# [Work task]
Transcribe word for word the section of the records below that opens with the line containing "VINTAGE Mens Loose" and closes with the line containing "一方で、約35.7%の高校生"; drop every picture.

Source records:
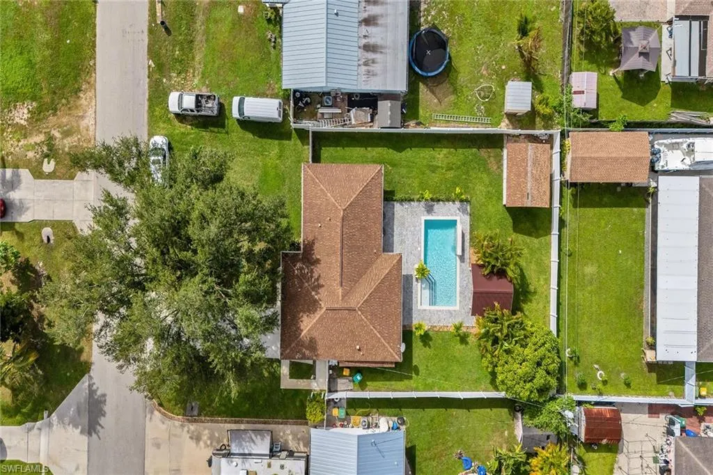 Experience the best of Naples living in this beautifully maintained single-family home offering southern exposure, a new heated saltwater pool with a waterfall feature (2023), and a spacious gazebo perfect for relaxing or entertaining. With no HOA fees or restrictions, this property provides exceptional freedom and convenience in a desirable Golden Gate City location close to schools, parks, shopping, dining, and just 15–20 minutes from downtown Naples and the beaches. The inviting layout features three bedrooms and two bathrooms, with one of the guest rooms converted from a garage into a versatile suite complete with a kitchenette, sink, and overhead cabinetry, ideal for extended family or guests. Inside, diagonal tile flooring flows throughout the main living areas, creating a cohesive and easy-care design. The cozy living room features a window that fills the space with natural light and a modern ceiling fan for comfort. The kitchen is well-appointed with shaker-style cabinetry, sleek modern countertops, and appliances, including a range, microwave, dishwasher, and refrigerator with icemaker. An adjacent formal dining area with sliding glass doors opens to the back patio, providing effortless indoor-outdoor living. The owner’s suite is a peaceful retreat with a walk-in closet and an en-suite bath featuring a modern vanity and shower-tub combination. Two additional guest bedrooms share an updated bath with a walk-in shower, offering ample space and privacy for family or visitors. Step outside to your own private oasis. The fully fenced backyard showcases updated landscaping and a patio with brick paver flooring. The sparkling saltwater pool and gazebo create an inviting setting for outdoor enjoyment year-round. Additional updates include a newer roof (2020) and a washer and dryer. Located in Flood Zone X, this home offers lower insurance costs with no flood insurance required, making it an exceptional opportunity for both comfort and peace of mind.
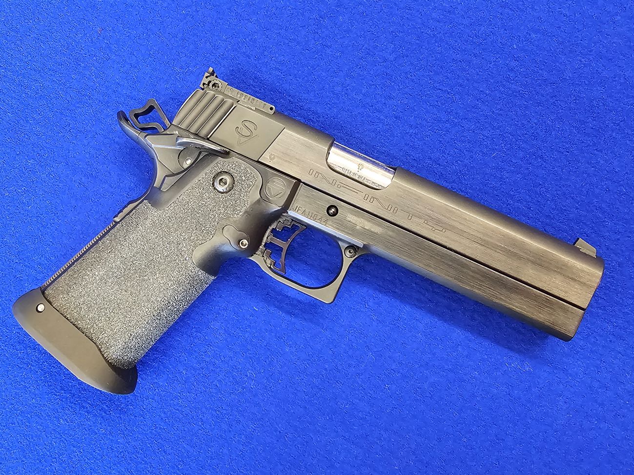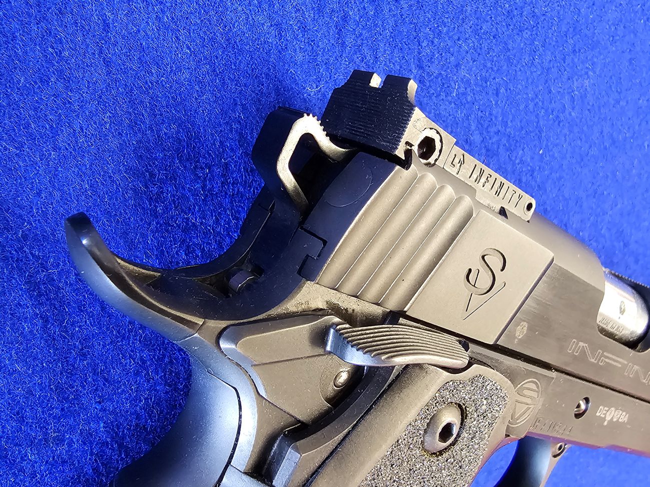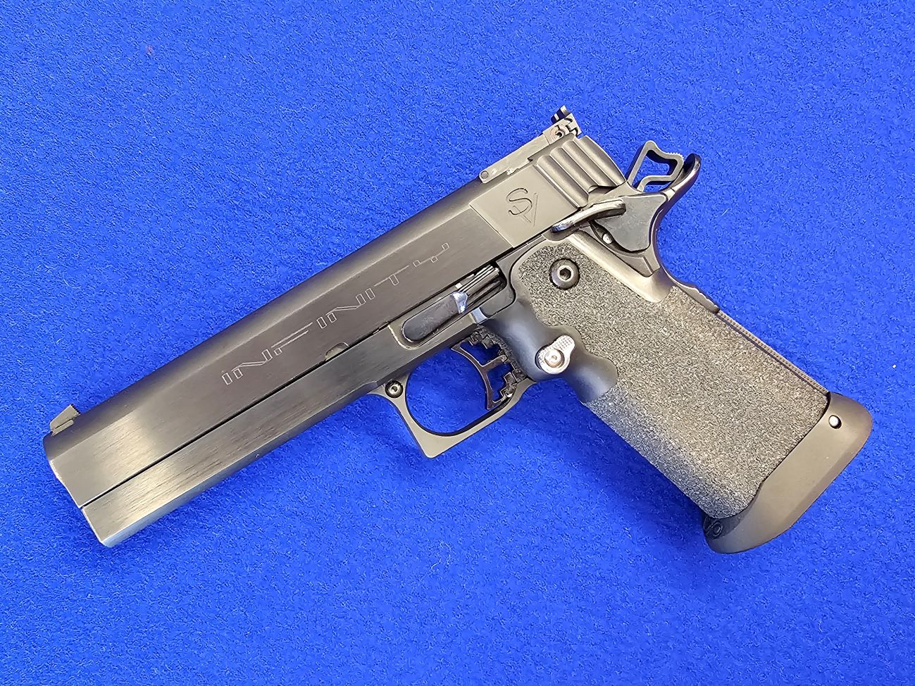 Bei der Basiswaffe handelt es sich um eine 5inch Infinity Wide Body mit langem Dust Cover im Kaliber .40S&W mit Bull Barrel.
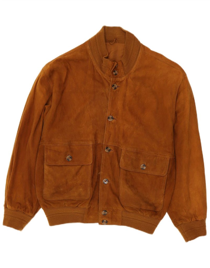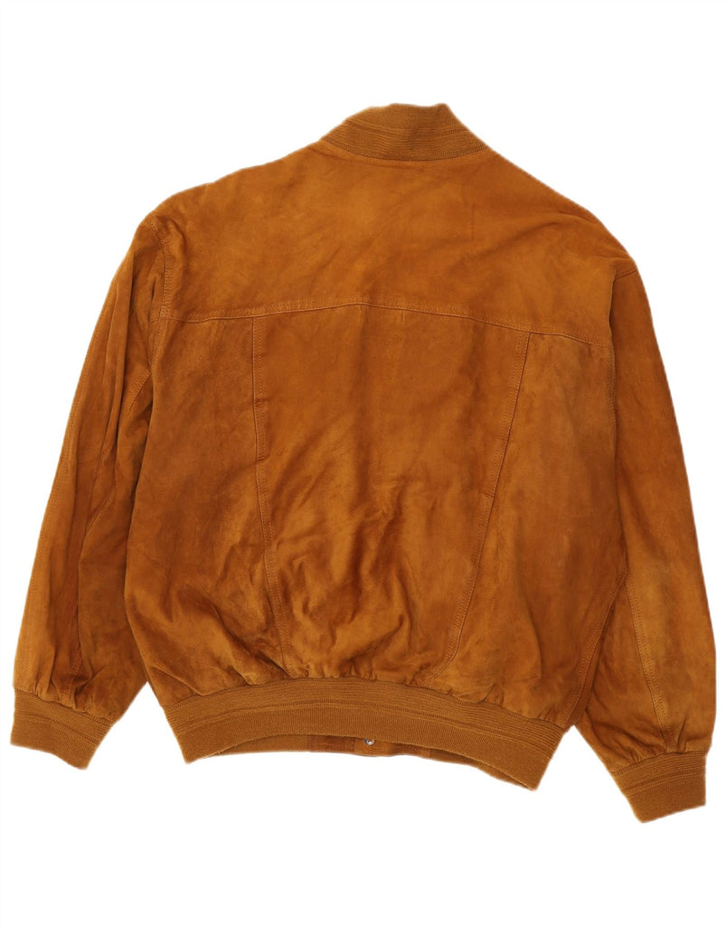 VINTAGE Mens Loose Fit Suede Bomber Jacket IT 48 Medium Brown Leather
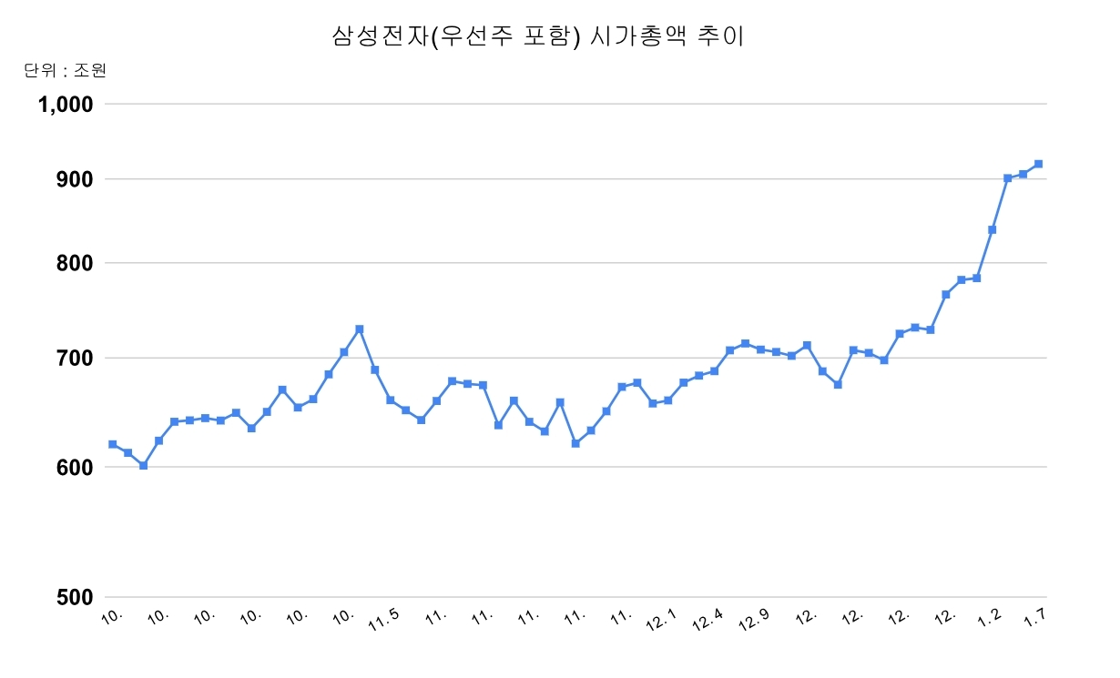 ■ 삼성전자, 단일기업 최초 시총 1000조 시대 임박
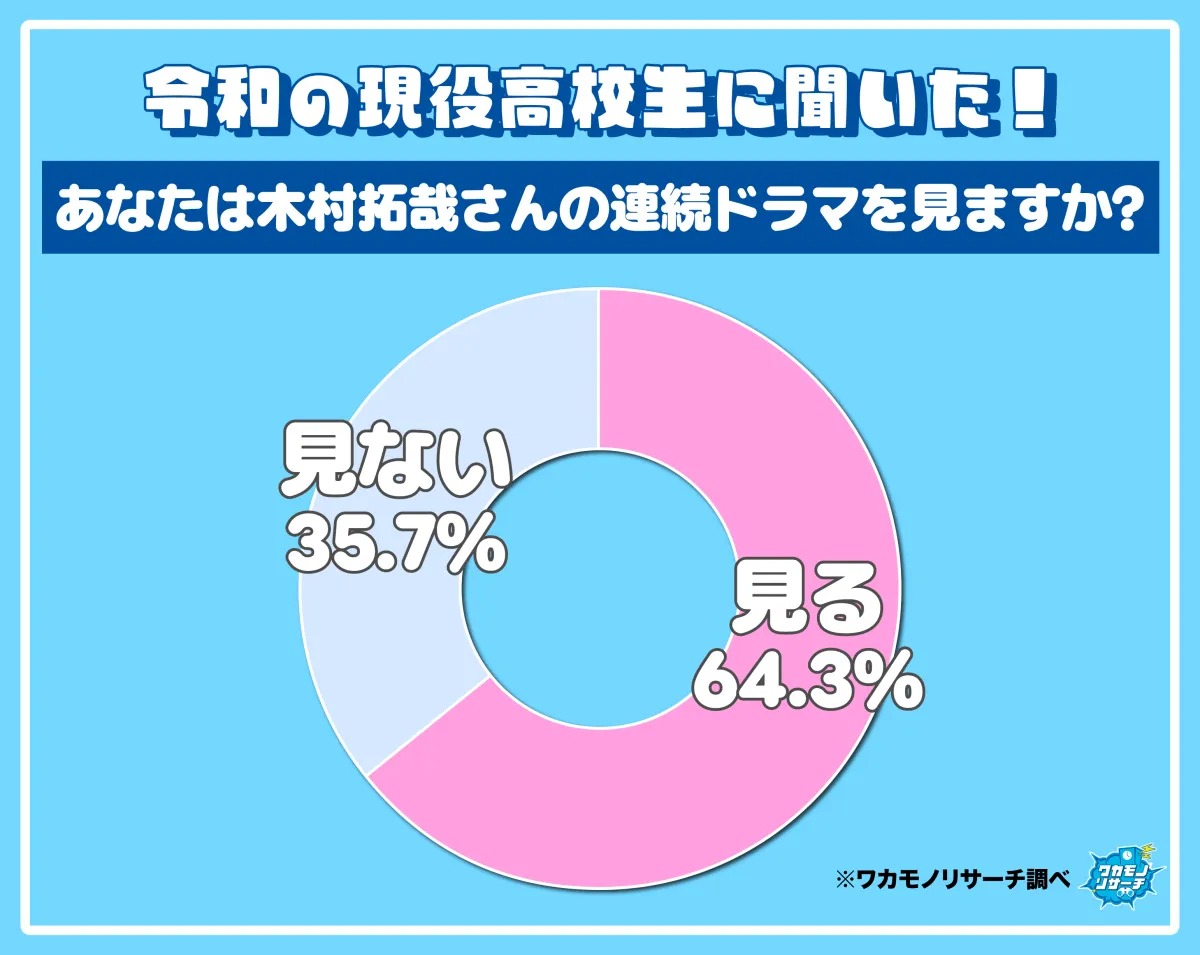 一方で、約35.7%の高校生は「見ない」と回答。多くの理由は「ドラマに興味がない」や「テレビをほとんど見ない」というもので、時代の変化を感じさせます。これは木村拓哉さんの魅力が伝わっていないというよりは、テレビ離れが影響していると言えます。
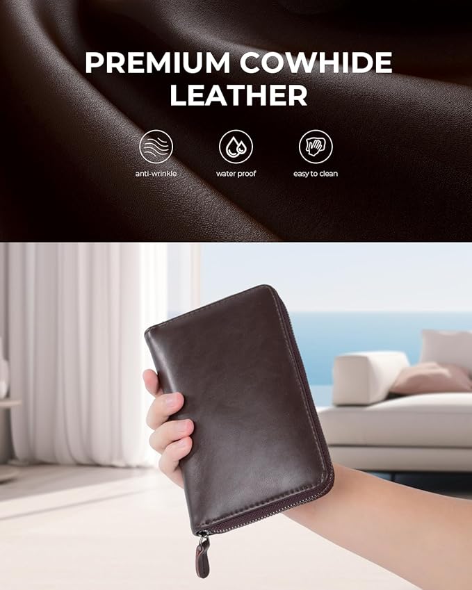 - Leather Pencil Pouch: Made of Genuine Leather with strong zipper ,durable, quality guaranteed.Case Size :6.7 x 3 x1 inches,including independent pen plug, net pocket which can store small items
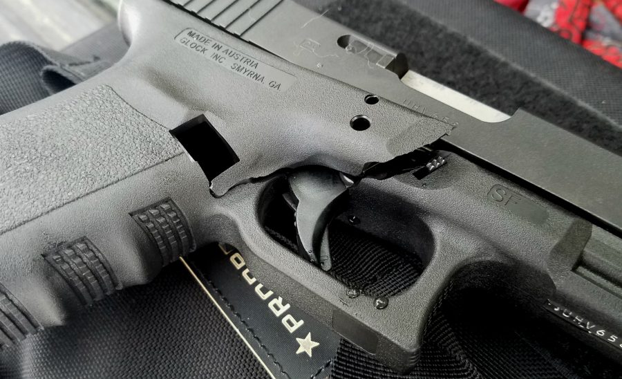 Nunca he visto un Glock fallar así, incluidas nuestras pistolas de entrenamiento de la Policía en Inglaterra que disparan miles de disparos al año. Pero las pistolas Policiales no tienen este tipo de compensador.
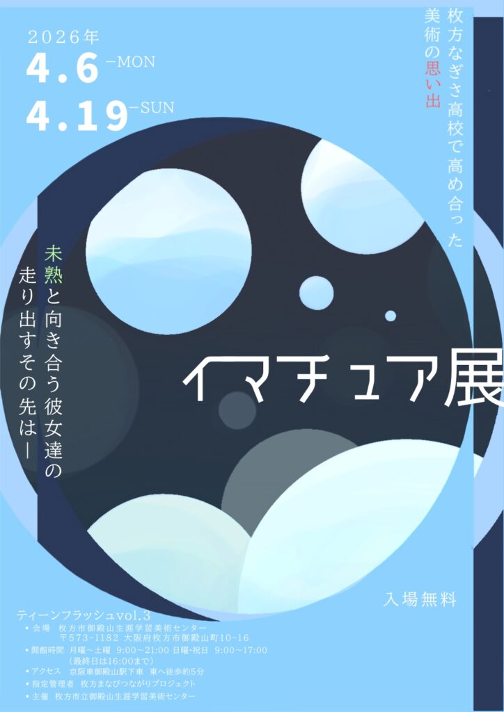 2026年4月6日(月)〜19日(日)の期間中、御殿山生涯学習美術センターにて、枚方なぎさ高校から京都芸術大学へ進学する5人の女性グループ展「イマチュア展」が開催されます。
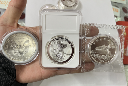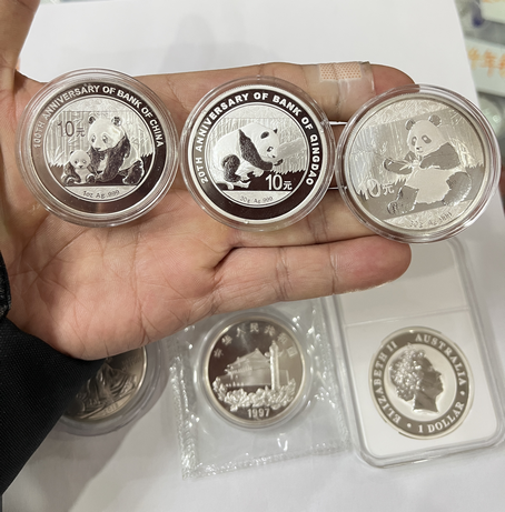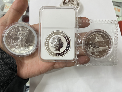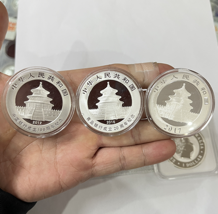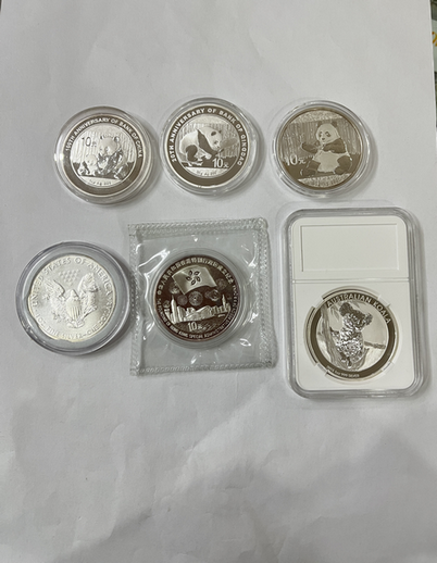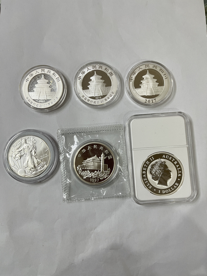 熊猫加字银币两枚,2017年银猫一枚,香港回归第三组银币一枚,考拉和鹰洋各一枚!

# [Solution for this task]
 VINTAGE Mens Loose Fit Suede Bomber Jacket IT 48 Medium Brown Leather
 ■ 삼성전자, 단일기업 최초 시총 1000조 시대 임박
 一方で、約35.7%の高校生は「見ない」と回答。多くの理由は「ドラマに興味がない」や「テレビをほとんど見ない」というもので、時代の変化を感じさせます。これは木村拓哉さんの魅力が伝わっていないというよりは、テレビ離れが影響していると言えます。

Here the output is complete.